I headed downtown, deciding to walk. So I went south on Park Avenue South and cut through Madison Square Park at the point of the Flatiron Building, to Broadway. I went down Broadway, and then east on Eighth. I do all my best thinking in motion through the city. It energizes me, the noise and all the different personalities of each neighborhood. And as the self-conscious fanciness of Park Avenue South morphed into the bustle of Broadway and then into the familiar grit of the East Village, I thought about my time at Max’s apartment today. I tried to put my head around things, like the red website and the book of matches, the ghostly scent of Max and the wet bathroom, the call from Myra Lyall and her disappearance, the wiping of the
Times
servers, the things Jenna had told me. It gave me a headache, ratcheted the tension in my shoulders. The more I thought about these things, the foggier my head got, the more nebulous and vaguely menacing it all seemed. And then there was Agent Dylan Grace, his strange and threatening appearances, his hasty retreats.
“What’s happening?” I asked, saying it aloud without realizing. My own words startled me but no one on the street around me seemed to notice. The sky had gone dark and the air had grown colder. I wasn’t dressed warmly enough, as usual. I felt my phone vibrate in my pocket and I withdrew it with a stiff, cold hand gone pink from exposure. There was an anonymous text message. It read:
The Cloisters. Tomorrow. 8PM. Trust no one.
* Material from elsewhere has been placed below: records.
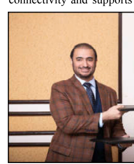
the digital transformation journey.

a historic telecommunications system that fosters connectivity and supports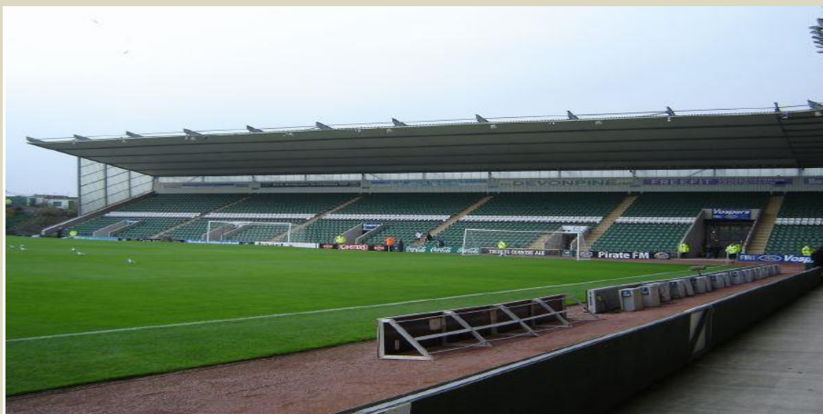
Devonport Stand (Doing the 116)

The Mayflower Grandstand is the club's main stand, which can hold roughly 7,000 spectators. It was the oldest part of the ground, before being replaced by a new main stand. It houses the club's main offices, the boardroom, team changing rooms, press rooms and also accommodates executive boxes, which can host functions and are available to supporters during match days. The dugouts; which are made of wood and supplied by the club's sponsors; sit in front of the Mayflower, with the player tunnel slightly off centre going underneath the Mayflower.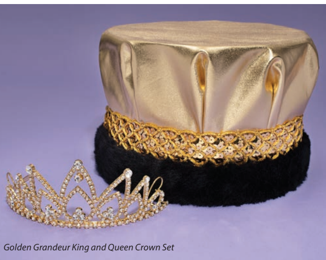
Golden Grandeur King and Queen Crown Set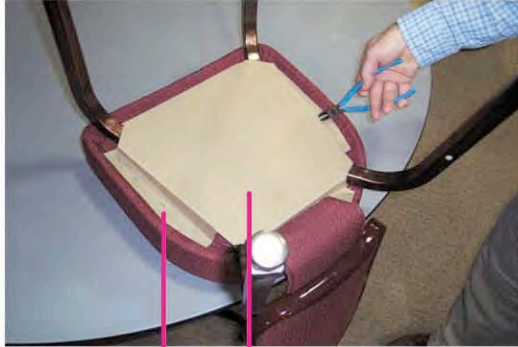
Hardboard bottom plate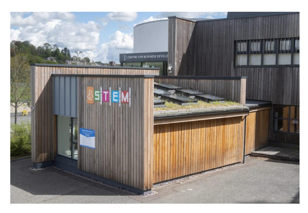
Figure 9: The Borders College STEM Hub Eco Room, based in Hawick, utilises a Passive House approach to ensure high-energy efficiency, making the best use of new materials, super insulation, triple glazing, solar gain and a green roof.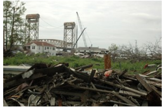
The Ravaged Lower 9th Ward 14" x 11"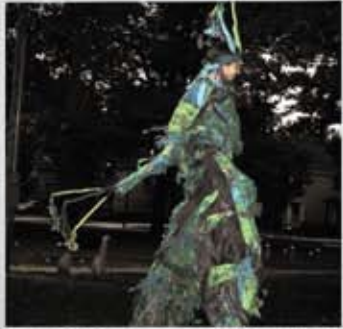
Tremont Arts and Cultural Festival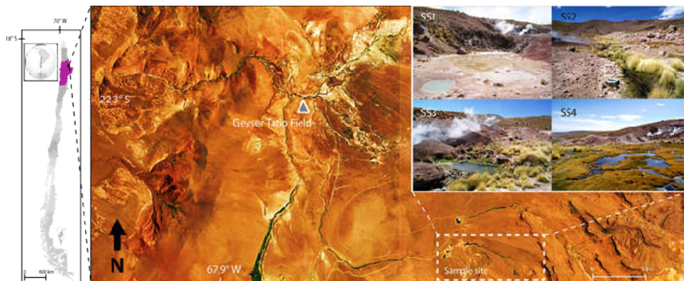
Figure 1. Location and Sampling sites showing the platform of the Project Geothermic El Tatio

Sediments or water were placed in sterile flasks containing 12 mL of CDM medium (2% wt/vol) (Muller, 2003) supplemented with 5 Mm of As(V) and incubated at 25 \pm 2 °C for 48 h. Enrichment cultures were centrifuged at 5000 rpm for 15 min, washed twice with sterile deionized water and spread onto a new As(V)-supplemented CDM agar (2%) at 28 \pm 2 °C for 10 days in the dark. The bacterial isolates were submitted to different experiments.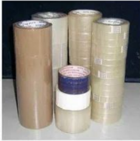
All Types Of Adhesive Tapes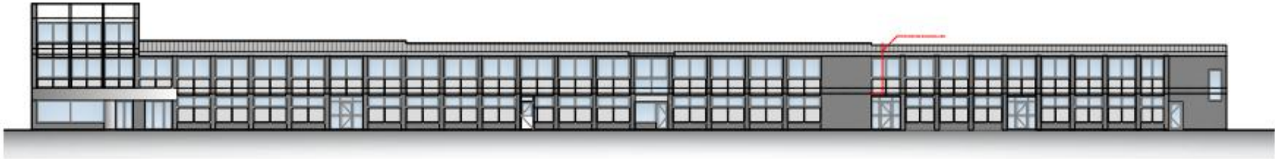
FRONT ELEVATION (BLDG. A)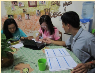
Disciples preparing for a one-day encounter with students.

Our retreat or weekend encounters hope to introduce or renew in the participants their experience of God and the Catholic Christian community. This includes guided meditation with Scripture, participation in the sacraments, small group faith sharing, team and faith building activities, moments of relaxing, ice-breakers and games.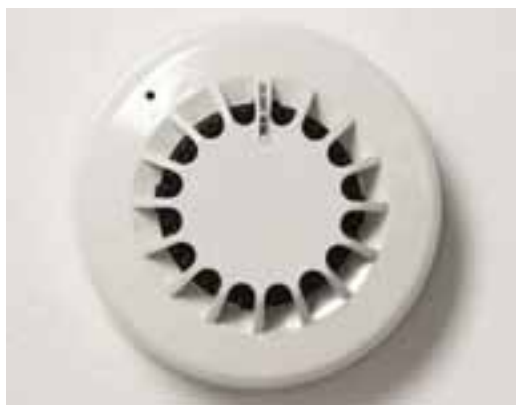
Addressable Sensor, Optical (UCAP320)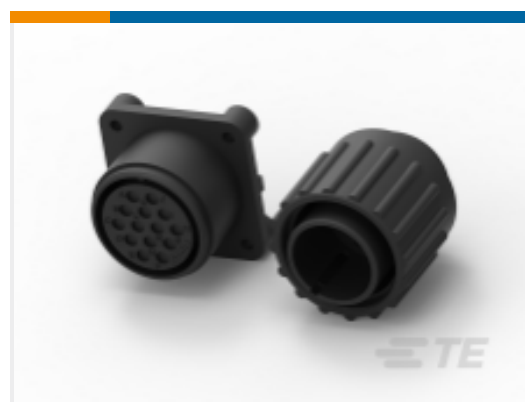
TE Part #213571-2 CPC MIL-C-5015 Connector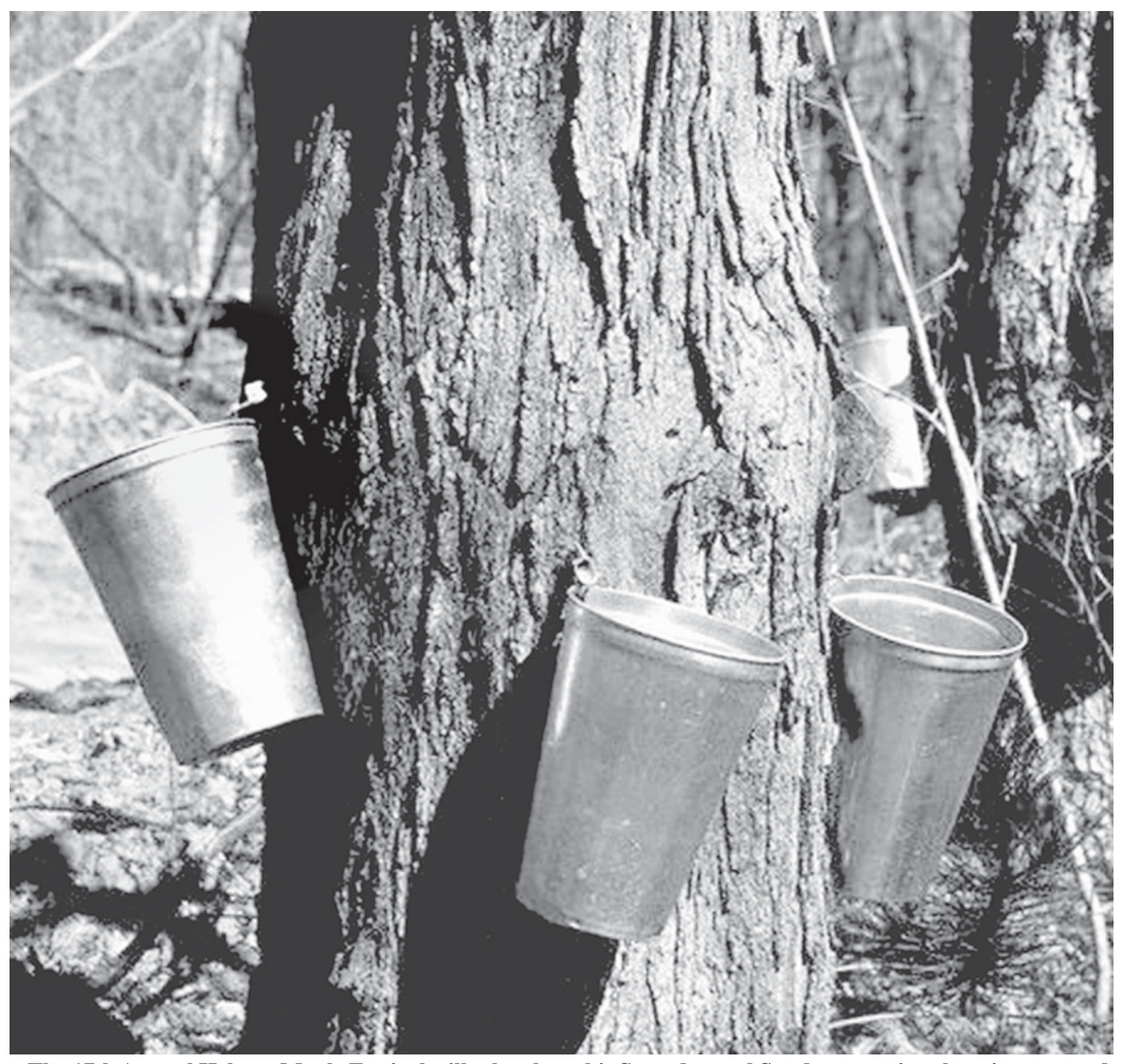
The 17th Annual Hebron Maple Festival will take place this Saturday and Sunday at various locations around town, with activities, fun and plenty of food and maple-flavored treats!

Volume 31, Number 52 Published by The Glastonbury Citizen March 9, 2007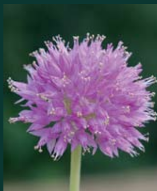
60. Allium sanbornii congdonii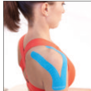
Shoulder (Rotator Cuff, Shoulder Mechanics) Application of Y-PowerStrip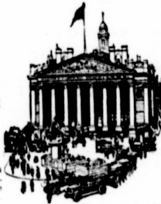
Head Office: Royal Exchange, London

Correspondence invited from responsible gentlemen in un- represented districts re fire and casualty agencies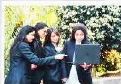
Free WiFi zone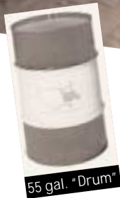
55 gal. "Drum"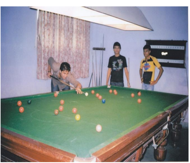
Annual Sports Week 2009-10

College Sports Week Events – Indoor-Outdoor Events

I was still shaking when I pushed through the studio door. I hadn’t stopped to think why it might be open as I bolted up the dark, narrow staircase and stepped into the large loft space. I felt as if someone was pursuing me, though I’d seen no one suspicious on the street. I could barely control my breathing and had to stop a minute. The studio was dark, the only light coming from Jake’s small office off to the left. I felt for the switch on the wall to my left and tried to turn on the lights but nothing happened. The space was an old warehouse, nearly windowless and bare; the electricity failed as often as it worked.
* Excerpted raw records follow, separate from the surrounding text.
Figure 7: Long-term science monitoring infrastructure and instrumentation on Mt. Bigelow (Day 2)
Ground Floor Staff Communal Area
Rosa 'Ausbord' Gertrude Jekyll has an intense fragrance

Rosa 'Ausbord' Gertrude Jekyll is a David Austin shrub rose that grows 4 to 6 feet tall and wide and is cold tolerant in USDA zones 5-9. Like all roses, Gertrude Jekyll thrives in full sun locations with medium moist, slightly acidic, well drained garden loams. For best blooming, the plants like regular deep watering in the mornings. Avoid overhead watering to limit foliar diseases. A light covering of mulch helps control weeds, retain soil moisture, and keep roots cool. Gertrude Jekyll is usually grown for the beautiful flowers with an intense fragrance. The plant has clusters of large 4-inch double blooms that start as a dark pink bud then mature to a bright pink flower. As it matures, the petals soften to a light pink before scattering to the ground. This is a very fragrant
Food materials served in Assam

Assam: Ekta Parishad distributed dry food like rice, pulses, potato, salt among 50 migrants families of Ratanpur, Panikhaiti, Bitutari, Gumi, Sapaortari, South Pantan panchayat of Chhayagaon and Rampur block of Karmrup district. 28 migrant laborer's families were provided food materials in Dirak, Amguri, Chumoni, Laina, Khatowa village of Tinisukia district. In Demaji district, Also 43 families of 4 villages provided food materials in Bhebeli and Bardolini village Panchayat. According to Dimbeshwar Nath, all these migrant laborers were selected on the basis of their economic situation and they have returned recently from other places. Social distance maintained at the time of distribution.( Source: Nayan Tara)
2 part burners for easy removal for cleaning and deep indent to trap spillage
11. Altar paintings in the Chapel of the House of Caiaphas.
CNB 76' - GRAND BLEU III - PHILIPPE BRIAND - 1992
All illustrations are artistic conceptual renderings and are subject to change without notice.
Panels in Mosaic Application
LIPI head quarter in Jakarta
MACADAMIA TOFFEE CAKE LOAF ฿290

“Jake,” I called when I had my wind back. No answer. I moved past the large covered forms of his sculptures; they were as familiar to me as a gathering of friends—the thinking man, the weeping woman, the couple making love—though tonight each of them seemed weird and angry. For a moment I imagined them coming to life beneath their white sheets.
I moved past them quickly, toward the light coming from Jake’s office. I expected to see him hunched over his laptop, headphones blasting over his ears, oblivious to my arrival as usual. But the small room was empty. His laptop hummed. I walked over to the desk. A cup of coffee from the pizzeria downstairs was cold.
I sat down in the chair and rested my arms on the desk, my head on my arms. I could still feel my heart beating in my throat. But in the familiar space, I started to feel safer, calmer. After a few minutes, I sat up to take my phone from my pocket and look at the text message again. In doing this, I jolted Jake’s laptop. The shooting-stars screen saver vanished and it took me a second to register what I was seeing. It took another second after that to believe it.